Ну, и я. Семён. Балла не хватает, чтобы пройти по конкурсу в институт. Райсельхозтехника выдаёт трудовую книжку. Повестку вручают в ремонтном боксе, где собираю бензовоз.

Ближе к обеду брякает замок со стороны цивилизации. Ура! Много ли для счастья надо!

– Забирай сержант специалистов-автомобилистов с моих глаз подальше отсюда! – прапорщик пропускает вперёд младшего сержанта с чёрными погонами и танками в петлицах. – Шесть человек, словно тебя ждали! Чудаки на букву эМ!

Загружаемся в ЖД вагон с довольными мордами. Ура и ещё раз, ура! Сбылась мечта идиотов! Всё-таки мы нужны Советской Армии!
Перед этим скидываемся на все оставшиеся деньги, чтобы затариться на путь-дорожку водкой да куревом. Прощай гражданка. Когда ещё воли придётся понюхать…
Добираемся через трое суток до нужной точки, не ища на задницы приключений и оправдывая надежды КПСС и ВЛКСМ в лице товарища младшего сержанта.

Полустанок встречает нас ранним рассветом. Даже очень ранним. Поезд замедляет ход, чуть притормаживает. Мы сонные кое-как успеваем выпрыгнуть из вагона. Просыпаемся окончательно на земной тверди, едва не расстелившись в полный рост.

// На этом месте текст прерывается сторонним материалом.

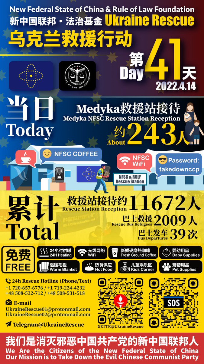 新中国联邦·法治基金——乌克兰救援行动报告2022年4月14日第41天当日救援统计:Medyka救援站接待:约243人累计救援总计:Medyka救援站接待:约11672人巴士救援难民:2009人巴士发车:39次

– До свиданья, солдатики! Служите да к матерям, потом возвращайтесь! – проводница взмахивает на прощание рукой.
– Спасибо, мать! До свидания! – кричим ей в ответ вразнобой охрипшими голосами.

– Пацаны, покурим! – Голова торопливо открывает пачку Примы. – У меня Ленинградская осталась!

Интер, Ту и Радопи приказывают долго жить ещё вчера. Праздник заканчивается. Будем скромнее на ближайшие два года.

– Угощай, коль не шутишь! – Падрез пальцами изображает ножницы, ловко вытягивая пару сигарет.

Одну в зубы, другую про запас за ухо.
Сгрудившись в кучу, подкуриваем. Первая сигарета утром – полный кайф. Сержант знает об этом, потому и не мешает подышать нам кислородом через табачную трубочку. Сам, говорит, дымил, как паровоз, а здесь занялся спортом и бросил.
Докуриваем, до самого не могу, когда при затяжке чинарик обжигает губы. Синева дыма окутывает нас полностью, щиплет глаза. Наконец дружно втаптываем бычки в землю. Пускаем бутылку лимонада по кругу. По глотку на каждого.

– Жигулёвское сейчас бы кстати было! – Симка похлопывает себя по впалому животу. – Ну да ладно, хрен на него! Мы люди не гордые! Ведро воды – сто грамм Столичной!

– Перекур заканчиваем, товарищи призывники. Ста-ано-вись в одну шеренгу! Нале-во! К автобусу бе-егом марш! – сержант резво берёт с места.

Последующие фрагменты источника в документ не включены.